Feeding Art To Kids

About 10 years ago, the school where my son was attending received a grant to provide each student in the 5th grade class with a tablet computer. The idea was that I would use these tablets and lovable 5th graders as my guinea pigs to examine the use of tablets in the classroom and how tablets could be integrated into teaching art. It is hard to believe that just 10 years ago, we – educators and parents – were still grappling with the hows, whys and logistics of integrating technologies into the classroom.

There are volumes of takeaways from that experience, but certainly one of the most profound was the level of complex thinking and application the kids were capable of. I was able to introduce 5th graders to concepts that I was teaching my college students, including semiotics. Semiotic theory is not normal 5th grade material, but stripping away the academic aspects and just focusing on what things mean in relation to other things, students were able to create projects and talk about juxtapositions in them.

Within the course of a year, students explored photography using the camera in the tablets to learn the rule of thirds.
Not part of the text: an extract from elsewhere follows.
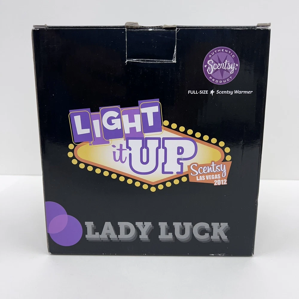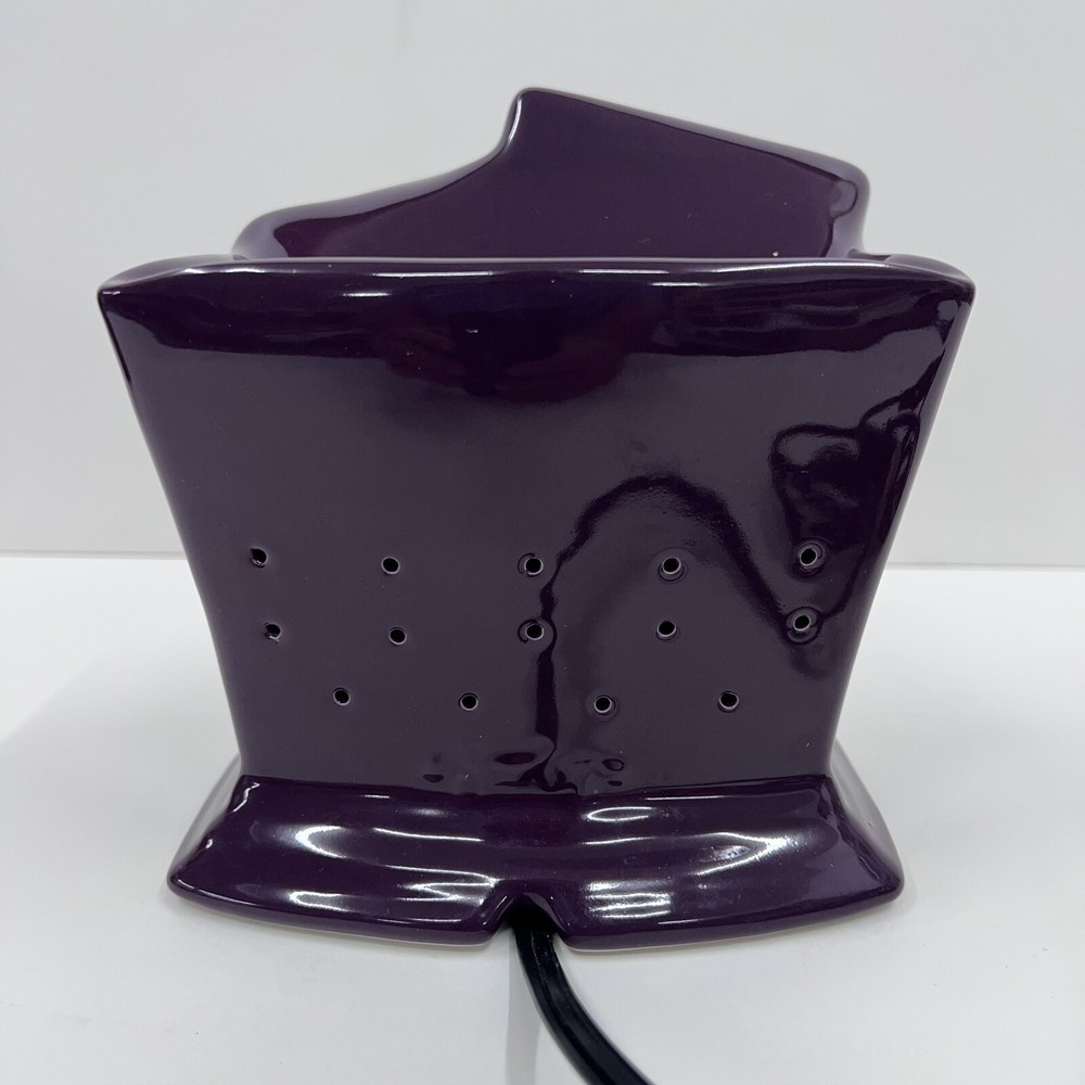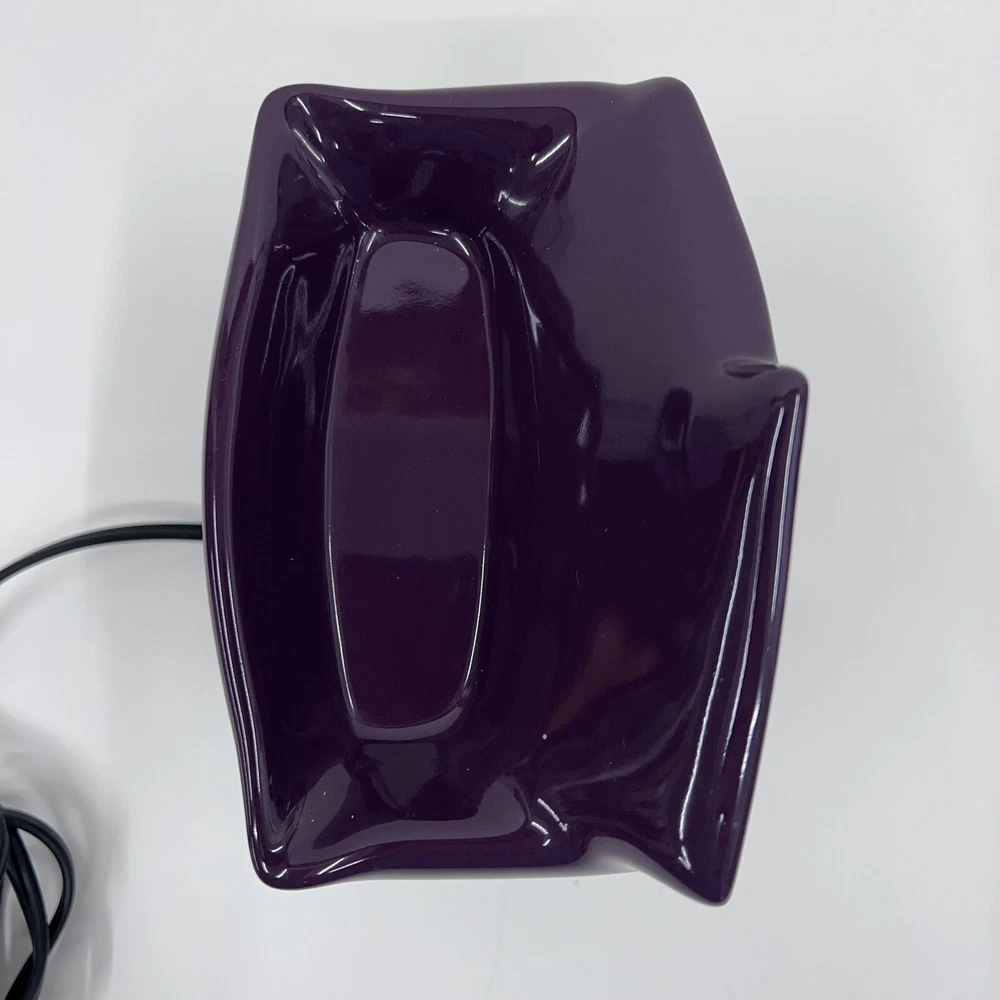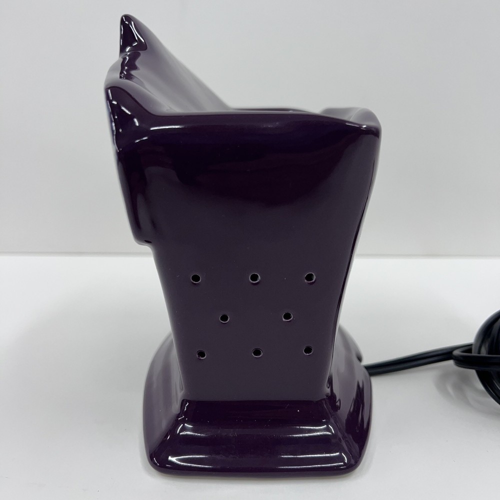 The Scentsy Light It Up Las Vegas Convention Full Size Warmer is a ceramic candle oil/wax warmer in a vibrant purple color, specifically designed for wall plug-ins. This art deco style warmer, with embellishments and a glossy finish, is perfect for creating an aromatherapy atmosphere in any room. The 2012 model weighs more than 40 oz and features a bowl design, making it ideal for adults looking to enhance their home fragrance experience with the Las Vegas theme.

We then created basic down shooters where students were able to explore basic principles of animation such as kinetics and stretch and squish. The next project was to first create model dragons and then explore animating them. The course culminated in students working in small groups to write and animate their own short animated videos which also required them to learn basic video editing to assemble the individual scene. At the end-of-the-year students’ show, students set up their tablets to show off their work to parents.

Kids are able to digest and utilize much more complex concepts than I ever imagined. Unfortunately this experiment ran for only two years (until commitments no longer allowed me the time to devote to the project). My sincerest hope for the class was to empower students to take on projects and use technologies to express complex and personal ideas – and clearly they succeeded.